Bu arada Allah'ı tanımlarken insandan yola çıkmak büyük hatalara sebebiyet verir. Sonuçta Allah eşi ve benzeri olmayan bir varlıktır. Burada Allah'ın bir şeyi istemesindeki istemekle insanın istemesindeki istemek arasında büyük bir fark vardır. Allah'ın bir şeyi istemesinin tam olarak nasıl olduğunu bilemeyiz. Ben daha çok "ol der ve olur" ayetindeki şekliyle anlıyorum. Bir şeye karar vermesi yani olmasını irade etmesi. Ve bunu yaparken bir hikmete bir bilgiye göre yapması.

10.) Allah niçin önceki kitapların bozulmasına izin vermiştir ?

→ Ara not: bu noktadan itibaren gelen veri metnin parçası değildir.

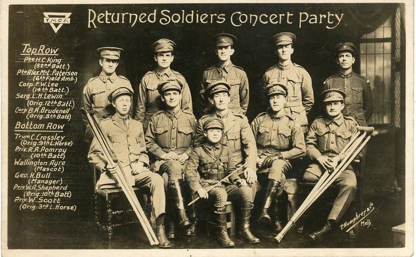 | Keywords: ymca ww1 concert party soldiers australia photo border monochrome Published in the Maryborough and Dunolly Advertiser - Wednesday 14 November 1917. Y.M.C.A. RETURNED SOLDIERS' CONCERT PARTY. UNIQUE ENTERTAINMENT. Mr. W. J. Richards, advance manager of the talented combination of returned soldiers who are touring Australia to raise funds for the war work of that magnificent institution; the Y.M.C.A, has arranged for the party to appear in the town hall next Monday night. This concert party, which started to tour Victoria about eight weeks ago, has had an unparallelled run of success. It appeared in the Princess Theatre in Bendigo last week, when as a result of the evening's effort £312 was raised. The party also appeared in the Melbourne Town Hall before a thronged audience, over which His Excellency the Governor of Victoria (Sir Arthur Stanley) presided. They are all returned soldiers, with the exception of the Bendigo "Boy Wonder," Wallington Ayre, twelve years of age, the regimental pet, and mascot. He has a brother in France, and has another in camp, and he too is doing his bit with the concert party. The other members of the party are: -Mr. G eo. H. Bull of Adelaide, as manager and organiser. He has managed similar parties in South Australia, where he has raised £11,000 for Y.M.C.A. work. Private W. A. Shepherd, of the original 10th Batt, who left Australia in October 1914. He served at Anzac, and was wounded in the left arm at Lone Pine, after which he was invalided to Malta, and returned to Australia in August, 1916. He previously served with the Middlesex Regiment, England. Private R. A. Pomroy, secretary of the party, was also attached to the 10th Batt, and left Australia in June 1915. He served at Anzac and was invalided to Egypt, having sustained shell shock, and subsequently enteric fever, and returned to Australia in May, 1916. Private H. C. King was a member of the 52nd Batt, and left Australia in October, 1915. After serving at Suez Canal, he went to France, and took part in the engagements at Fleur Bais, Mouquet Farm, and Pozieres. He Was wounded in September 1916. Private Alex. M.L. Paterson. of the 6th Field Ambulance, left Australia in May 1915, but was invalided home in July, 1916, He served at Anzac for two months. Corporal B. A. Brudenell belonged to the original 8th Batt and left Australia in October 1914. He was wounded at Gallipoli. and had his left leg amputated at Malta. He returned to Australia in May 1916. Sergeant L. H. Lewin, who is a card manipiulator and conjuror, was attached to the 12th Batt which left Australia in October 1914. He was blown up at Lone Pine and had an attack of enteric fever. He was invalided to England, where he recovered and was drafted to France. He, however, returned to England, suffering from pneumonia and pleurisy, and returned to Australia in July 1917. Private W. Scott, of the original 3rd Light Horse, left Australia in October 1914. He served on the peninsula, and lost his right leg in July 1915, returning to Australia in February 1916. He had previously had six years' military experience with the 7th Dragoon Guards, England. Trumpeter C. Crossley attached to the original Light Horse, left Australia in February 1915. From Gallipoli he was invalided to Egypt with a crushed foot. He went to Palestine in February 1916, and lost his right leg in February 1917, returning to Australia some time later. Trumpeter Crossley of Boy Scouts who came out to form the Boy Scout movement in Australia. On the outbreak of war he enlisted as a trumpeter. He is only nineteen years of age. He plays the cornet, and swings swords. Residents of Maryborough may look forward to an evening's enjoyment possessing novelty and merit, and a crowded house is anticipated. Patrons are therefore advised to book their seats early. trove.nla.gov.au/ndp/del/article/90588249?searchTerm=ymca... (found on ebay) Another photo of this group at the Australian War Memorial: www.awm.gov.au/collection/P05335.001 Published in the Maryborough and Dunolly Advertiser - Wednesday 14 November 1917. Y.M.C.A. RETURNED SOLDIERS' CONCERT PARTY. UNIQUE ENTERTAINMENT. Mr. W. J. Richards, advance manager of the talented combination of returned soldiers who are touring Australia to raise funds for the war work of that magnificent institution; the Y.M.C.A, has arranged for the party to appear in the town hall next Monday night. This concert party, which started to tour Victoria about eight weeks ago, has had an unparallelled run of success. It appeared in the Princess Theatre in Bendigo last week, when as a result of the evening's effort £312 was raised. The party also appeared in the Melbourne Town Hall before a thronged audience, over which His Excellency the Governor of Victoria (Sir Arthur Stanley) presided. They are all returned soldiers, with the exception of the Bendigo "Boy Wonder," Wallington Ayre, twelve years of age, the regimental pet, and mascot. He has a brother in France, and has another in camp, and he too is doing his bit with the concert party. The other members of the party are: -Mr. G eo. H. Bull of Adelaide, as manager and organiser. He has managed similar parties in South Australia, where he has raised £11,000 for Y.M.C.A. work. Private W. A. Shepherd, of the original 10th Batt, who left Australia in October 1914. He served at Anzac, and was wounded in the left arm at Lone Pine, after which he was invalided to Malta, and returned to Australia in August, 1916. He previously served with the Middlesex Regiment, England. Private R. A. Pomroy, secretary of the party, was also attached to the 10th Batt, and left Australia in June 1915. He served at Anzac and was invalided to Egypt, having sustained shell shock, and subsequently enteric fever, and returned to Australia in May, 1916. Private H. C. King was a member of the 52nd Batt, and left Australia in October, 1915. After serving at Suez Canal, he went to France, and took part in the engagements at Fleur Bai

- Önceki kitaplar bölgesel amaçlı inmiştir. Yani kendisinden sonra gelecek bütün zamanlara ve zamanın insanlarına hitap etme amacı taşımamıştır. Bu zaman içinde şartlar, insanlar ve şeriatlar (kurallar) değişmiştir. Allah o zamanki insanların kitapları bozacağını bildiğinden ya da uygun dönemin gelmemiş olmasından önceki kitapların bozulmasına izin vermiş olabilir. Sonuçta İncil'in Tevrat'ın Zebur'un hala sapasağlam durduğu yerde Kuran indiğinde insanların kuranı tercih etmesi için bir sebep olmazdı. Daha doğrusu Kuran'ın inmesi içinde bir sebep olmazdı. Allah bu durumda kendi gönderdiği dinleri dünya üzerinde yarıştırıyor gibi olurdu. İnsanlar bozmuştur ve Allah son din olarak Gönderdiği İslam'ın kitabını koruyacağını söylemiştir. Demek ki artık bu kitabın bozulması için fırsatta yoktur ve uygun dönem gelmiştir. İnsanlar hazırdır.

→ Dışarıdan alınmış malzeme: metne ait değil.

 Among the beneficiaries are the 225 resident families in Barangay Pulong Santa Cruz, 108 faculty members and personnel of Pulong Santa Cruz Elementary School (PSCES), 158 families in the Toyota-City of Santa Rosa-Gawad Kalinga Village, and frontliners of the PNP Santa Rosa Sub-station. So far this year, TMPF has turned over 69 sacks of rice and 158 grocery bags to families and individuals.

*bu soruları aldığım yazının başlığı insanı deist yapan sorulardı. Son olarak bununla ilgili şunu demek istiyorum. Bu soruların cevapları sizin için tatmin edici olmamış olabilir. Bazı cevaplar size hiç mantıklı gelmemiş olabilir. Ama burada şu ince çizgiyi çok net görmenizi istiyorum. Bu soruların hepsine verilen cevaplar bilmiyorum olsaydı bile bu sorular yine de insanı deist yapmazdı. Yapmaması gerekir. Bu sorular insanı deist yapacak sorular değil. Tabii ki içindeki bazı sorular çok önemli ve sorulması gereken sorular. Ama verdiğiniz cevaplar bilmiyorum olsa bile bu sizi deist yapmamalı. Çünkü İslam ile deizmi kıyaslarken bakılacak kriterler bu sorular değildir.